**Your goal**
Only the lines from the start of the data below through the line that contains "该 APP 对食品产品进行了明确的品类划分,支持餐饮商家快速浏览、比价、下单采购,流程简单方便,轻松完成食品采购流程。" are to be copied, exactly and without pictures.

**Provided data**
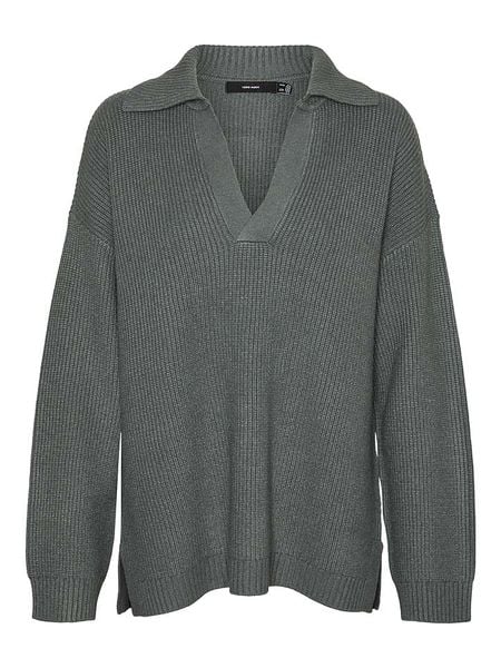 – dekolt: V- kołnierz: kent- ściągacz: kołnierz, zakończenia rękawów, dolny brzeg- wzór splotu: luźny- dolny brzeg: z rozcięciem- krój: luźny- look: jednokolorowy
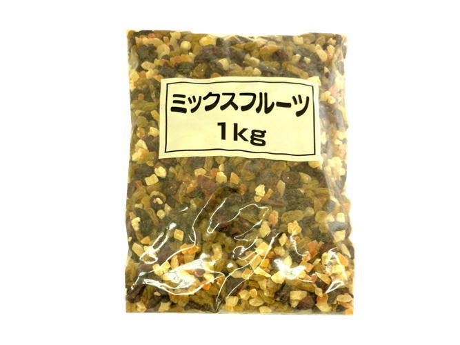 製品特性:パインダイス、パパイヤダイス、グリーンレーズン、クランベリー、レーズンを各20%ずつ混合した商品で、色合いがよく、手軽に生地等に混ぜてご使用いただけます。
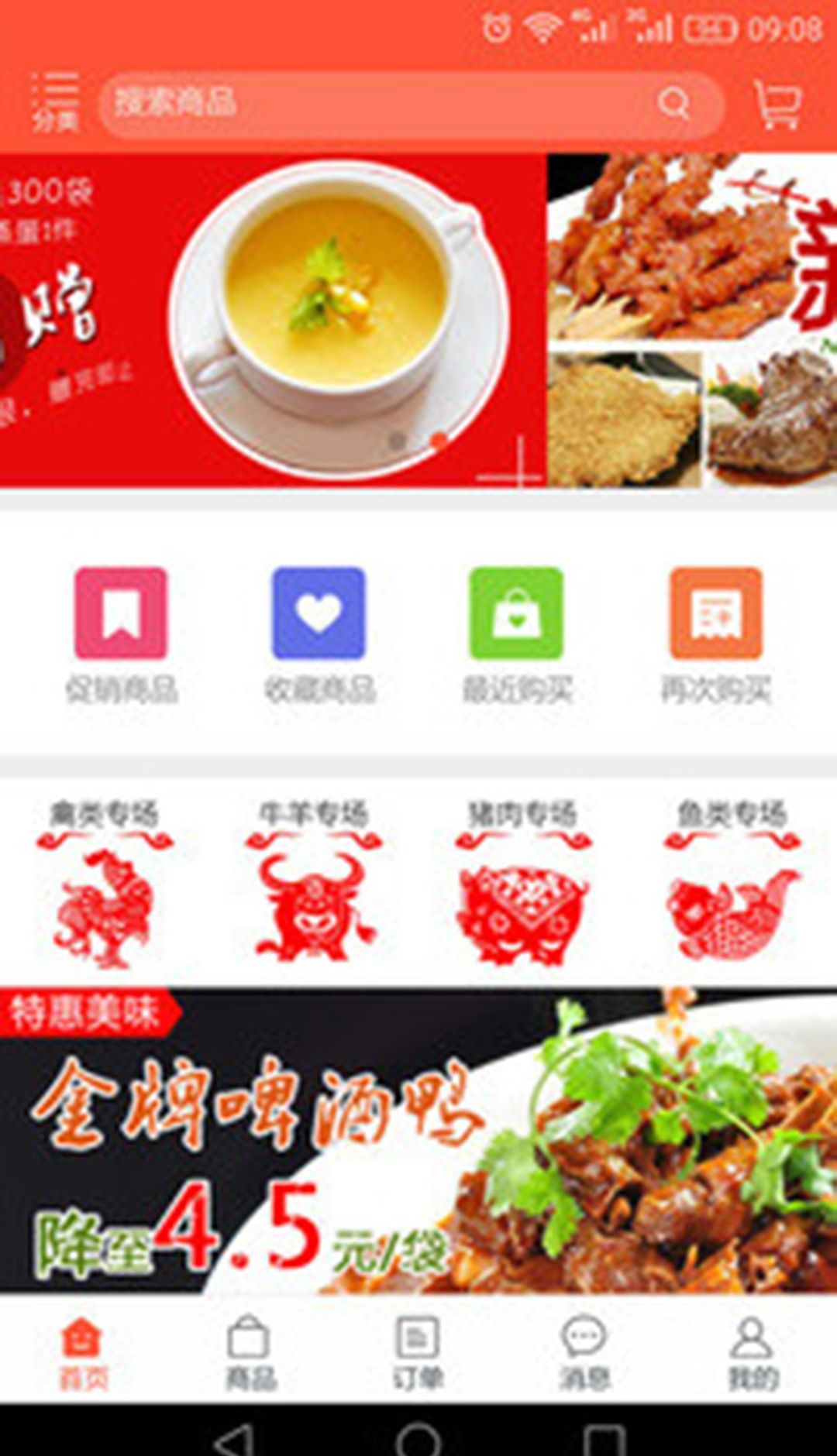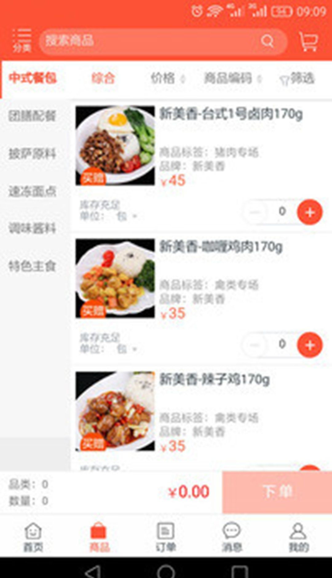 该 APP 对食品产品进行了明确的品类划分,支持餐饮商家快速浏览、比价、下单采购,流程简单方便,轻松完成食品采购流程。
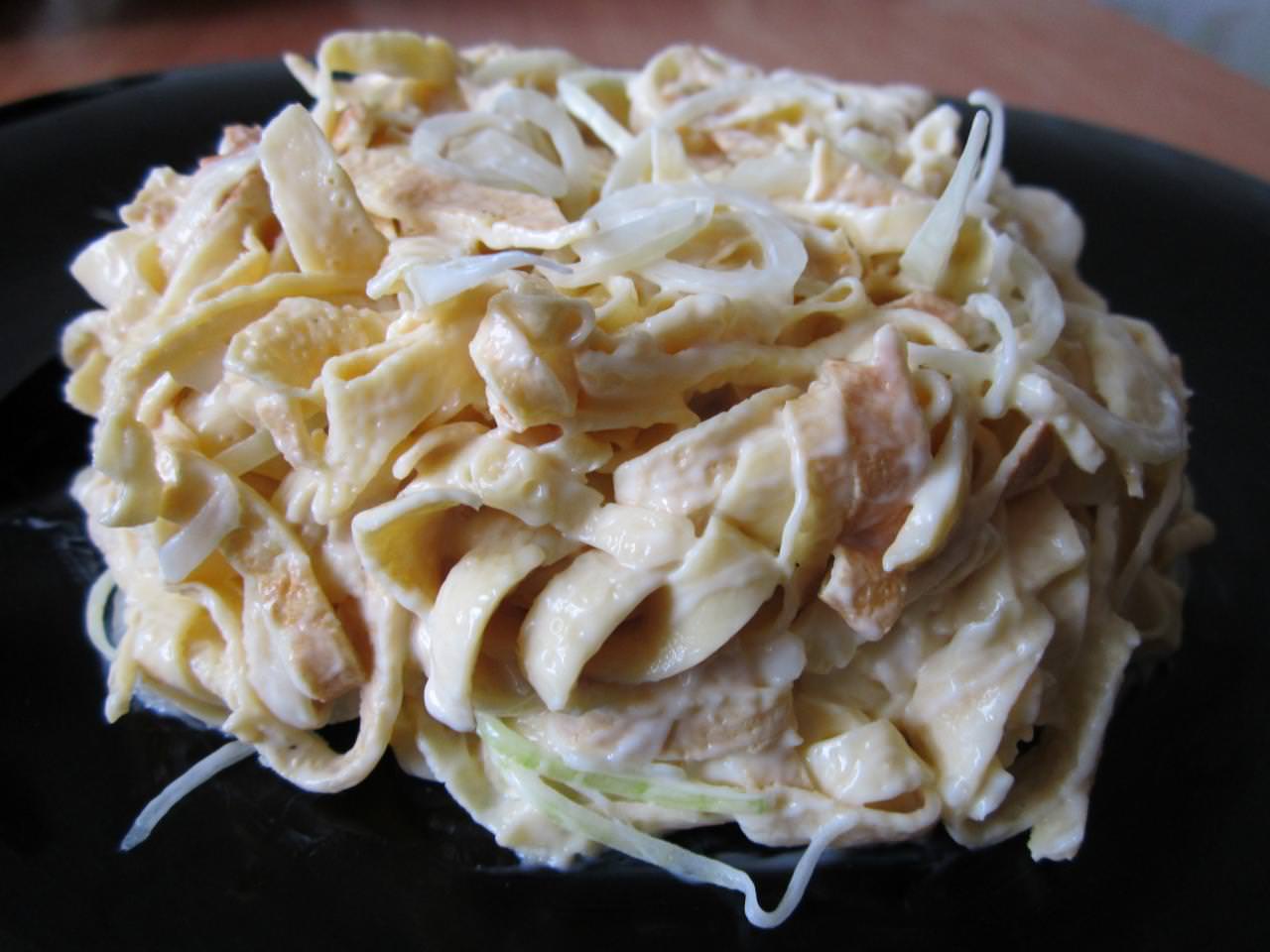 - На дно салатниці викладаємо шар копченої курки, потім шар яєчних млинців і в самому кінці викладаємо кільця маринованої цибулі. Щедро змащуємо все майонезом і даємо просочитися протягом 30-60 хвилин (за бажанням).

**Exercise result**
 – dekolt: V- kołnierz: kent- ściągacz: kołnierz, zakończenia rękawów, dolny brzeg- wzór splotu: luźny- dolny brzeg: z rozcięciem- krój: luźny- look: jednokolorowy
 製品特性:パインダイス、パパイヤダイス、グリーンレーズン、クランベリー、レーズンを各20%ずつ混合した商品で、色合いがよく、手軽に生地等に混ぜてご使用いただけます。
 该 APP 对食品产品进行了明确的品类划分,支持餐饮商家快速浏览、比价、下单采购,流程简单方便,轻松完成食品采购流程。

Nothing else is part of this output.